В тот год, когда мама ходила беременная мною, она покупала эти тарелочки – в месяц по одной, не расточительствуя лишнего. А потом гости ели из них щук, пойманных отцом на серебряные блесны и обжаренных до золотого свечения. Леща, сома, судачка… Сколько раз! Сколько раз мама, пока другие еще веселились, мыла-намывала тарелки до блеска, выкладывала их стопочкой – до следующих праздников. А следующий праздник – опять застолье: грузди белые, грузди черные, подберезовики-подосиновики, рыжики-маслята и, конечно, столу голова – белый гриб. Соленые-вареные, жареные-маринованные грибочки: папа сам собирал. «Ой, Зойка! Не оторваться! Вкуснота!» – хвалили гости мою маму, пережившую в детстве тяжелый голод.
…Дай руку, избранник, и окажемся там, где еще слышно эхо моего рода, где липы детства так же тенисты, только дупла стали больше. Где церкви выстроились, одна причудливей другой, вдоль когда-то запруженной, илистой речушки Кокшаги, на берегу которой долго оставались следы моих босых пяток. Кокшага как текла, так и течет в Волгу, но из грязной речушки превратилась в широкое светлое зеркало, отражающее терема и храмы, построенные недавно, уже без меня.

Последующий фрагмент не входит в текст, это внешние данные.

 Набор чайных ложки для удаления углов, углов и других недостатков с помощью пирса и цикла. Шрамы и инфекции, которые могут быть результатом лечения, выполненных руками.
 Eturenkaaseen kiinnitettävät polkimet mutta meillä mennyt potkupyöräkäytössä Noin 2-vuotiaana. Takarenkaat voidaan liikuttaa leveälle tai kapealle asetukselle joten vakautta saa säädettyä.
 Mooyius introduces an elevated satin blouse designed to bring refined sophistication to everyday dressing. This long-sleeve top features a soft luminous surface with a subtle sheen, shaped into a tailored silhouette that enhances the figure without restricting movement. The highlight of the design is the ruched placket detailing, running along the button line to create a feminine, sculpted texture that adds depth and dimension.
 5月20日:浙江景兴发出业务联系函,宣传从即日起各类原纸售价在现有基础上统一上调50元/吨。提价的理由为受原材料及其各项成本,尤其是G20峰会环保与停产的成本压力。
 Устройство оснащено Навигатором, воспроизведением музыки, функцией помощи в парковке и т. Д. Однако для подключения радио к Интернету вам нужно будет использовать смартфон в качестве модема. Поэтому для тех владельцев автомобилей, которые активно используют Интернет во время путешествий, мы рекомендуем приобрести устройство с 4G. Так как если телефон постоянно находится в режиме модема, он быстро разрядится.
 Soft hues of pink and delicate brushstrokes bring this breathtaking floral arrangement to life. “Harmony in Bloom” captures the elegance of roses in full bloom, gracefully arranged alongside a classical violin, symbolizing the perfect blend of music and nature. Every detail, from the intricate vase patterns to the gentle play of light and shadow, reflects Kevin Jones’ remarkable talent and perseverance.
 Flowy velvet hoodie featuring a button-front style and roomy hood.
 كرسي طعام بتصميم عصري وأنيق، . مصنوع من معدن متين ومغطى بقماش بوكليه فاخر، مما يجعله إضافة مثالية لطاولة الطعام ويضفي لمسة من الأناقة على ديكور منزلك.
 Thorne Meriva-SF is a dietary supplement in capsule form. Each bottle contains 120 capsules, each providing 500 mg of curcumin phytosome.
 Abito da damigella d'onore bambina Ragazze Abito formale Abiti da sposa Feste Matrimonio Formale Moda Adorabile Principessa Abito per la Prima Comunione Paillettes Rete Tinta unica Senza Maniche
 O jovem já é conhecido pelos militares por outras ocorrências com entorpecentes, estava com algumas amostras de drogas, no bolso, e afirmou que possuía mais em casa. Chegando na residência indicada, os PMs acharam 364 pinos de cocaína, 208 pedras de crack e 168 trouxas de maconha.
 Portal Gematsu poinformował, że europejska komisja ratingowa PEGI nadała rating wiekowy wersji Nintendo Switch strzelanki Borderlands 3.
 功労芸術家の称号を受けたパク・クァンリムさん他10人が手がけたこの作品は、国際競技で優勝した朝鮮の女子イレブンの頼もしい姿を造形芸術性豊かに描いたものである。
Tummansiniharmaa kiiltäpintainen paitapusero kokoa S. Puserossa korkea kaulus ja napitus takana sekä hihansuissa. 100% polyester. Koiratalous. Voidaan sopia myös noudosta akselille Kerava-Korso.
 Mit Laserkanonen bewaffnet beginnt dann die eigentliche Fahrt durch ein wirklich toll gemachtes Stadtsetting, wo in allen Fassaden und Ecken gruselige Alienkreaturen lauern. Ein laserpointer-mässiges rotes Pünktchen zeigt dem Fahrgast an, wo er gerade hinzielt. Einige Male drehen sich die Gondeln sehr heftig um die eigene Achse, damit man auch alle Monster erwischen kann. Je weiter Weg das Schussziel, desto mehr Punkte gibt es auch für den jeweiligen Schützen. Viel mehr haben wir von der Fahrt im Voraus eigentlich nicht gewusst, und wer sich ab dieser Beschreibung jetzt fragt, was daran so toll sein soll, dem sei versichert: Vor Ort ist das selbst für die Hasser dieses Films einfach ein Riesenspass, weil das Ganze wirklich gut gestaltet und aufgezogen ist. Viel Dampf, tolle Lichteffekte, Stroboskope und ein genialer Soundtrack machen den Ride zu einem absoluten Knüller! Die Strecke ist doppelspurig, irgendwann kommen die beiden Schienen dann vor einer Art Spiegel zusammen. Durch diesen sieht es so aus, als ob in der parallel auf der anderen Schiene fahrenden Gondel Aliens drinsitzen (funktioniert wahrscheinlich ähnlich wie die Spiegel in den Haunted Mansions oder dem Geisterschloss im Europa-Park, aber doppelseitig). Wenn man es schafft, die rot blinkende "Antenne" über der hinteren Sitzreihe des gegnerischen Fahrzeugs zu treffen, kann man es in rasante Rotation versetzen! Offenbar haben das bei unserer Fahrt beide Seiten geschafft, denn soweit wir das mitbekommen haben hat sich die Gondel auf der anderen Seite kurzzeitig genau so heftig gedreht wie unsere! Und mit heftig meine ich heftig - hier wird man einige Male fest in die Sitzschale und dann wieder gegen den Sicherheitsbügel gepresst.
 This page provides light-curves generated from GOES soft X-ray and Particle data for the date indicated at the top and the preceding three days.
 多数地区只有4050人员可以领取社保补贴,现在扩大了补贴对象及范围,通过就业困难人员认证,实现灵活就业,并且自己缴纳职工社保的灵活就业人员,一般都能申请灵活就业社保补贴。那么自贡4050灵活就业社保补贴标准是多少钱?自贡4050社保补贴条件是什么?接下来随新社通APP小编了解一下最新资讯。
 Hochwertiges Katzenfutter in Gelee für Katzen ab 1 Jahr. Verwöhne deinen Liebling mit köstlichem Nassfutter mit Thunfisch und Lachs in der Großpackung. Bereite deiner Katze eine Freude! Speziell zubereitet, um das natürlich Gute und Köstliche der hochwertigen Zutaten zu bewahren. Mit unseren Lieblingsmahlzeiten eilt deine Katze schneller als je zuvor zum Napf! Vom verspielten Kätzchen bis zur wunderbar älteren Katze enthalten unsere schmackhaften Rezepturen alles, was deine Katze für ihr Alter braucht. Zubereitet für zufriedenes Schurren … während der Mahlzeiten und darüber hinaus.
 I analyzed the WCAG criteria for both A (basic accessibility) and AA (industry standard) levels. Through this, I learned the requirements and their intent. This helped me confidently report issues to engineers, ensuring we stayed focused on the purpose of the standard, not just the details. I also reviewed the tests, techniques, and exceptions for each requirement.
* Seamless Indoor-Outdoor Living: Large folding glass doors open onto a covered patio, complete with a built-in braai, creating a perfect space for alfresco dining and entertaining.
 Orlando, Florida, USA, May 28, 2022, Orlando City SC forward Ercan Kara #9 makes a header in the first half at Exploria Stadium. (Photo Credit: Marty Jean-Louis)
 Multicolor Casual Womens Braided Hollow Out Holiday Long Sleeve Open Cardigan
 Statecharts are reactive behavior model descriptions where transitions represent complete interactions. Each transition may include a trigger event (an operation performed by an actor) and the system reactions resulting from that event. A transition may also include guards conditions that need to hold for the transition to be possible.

Сейчас Йошкар-Ола лощеной модницей слывет, дивятся люди на нее, приезжают смотреть, как на чудо. Правда, чудо это – в заплатах…
Нет? В чем дело? Ты думаешь, что тебе нет места там? Что этот город населен персонажами и призраками, которые только мне интересны? Что метаморфозы, происшедшие с городом за годы моего отсутствия, поменяли прежний колдовской замес и ни мне, ни тебе нечего там делать? Что все эти терема и церкви – шкатулка с чертиками, детская забава? А памятники воеводам, котам, иностранцам, Державной Божьей Матери, царям, патриархам и гуслярам – бронзовые прихоти местного князька?
Хорошо, останемся в Праге, где под ногами голые скользкие булыжники, кабаки полны свиных окороков, по Карлову мосту бродят каторжники-столетия и туристы… Но что нас держит тут, что занесло сюда – в инквизицию и папство?
Зачем мы приехали к этим горгульям и химерам? К братьям славянам, кем-то когда-то сбитым с пути.
Хорошо, пойдем в отель. Останемся еще на ночь в Праге. По дороге я буду посвящать тебя в мои тайны. Знаешь, все они начертаны на плащанице моей судьбы мамой. И жизнь моя ее снами запечатана… Вот, посмотри на мое лицо. Я становлюсь всё больше похожей на нее. Славянский тип старения уже потянул лицо вниз. Видишь, как опускаются щеки, добреет лицо, как складки у губ всё четче и четче обрисовывают округлость подбородка? Это последний сезон надвигается, это плоть уже землю чует и начинает течь вспять потихоньку, не к небу – к земле. А вот когда цвел май и я носила высокие каблуки…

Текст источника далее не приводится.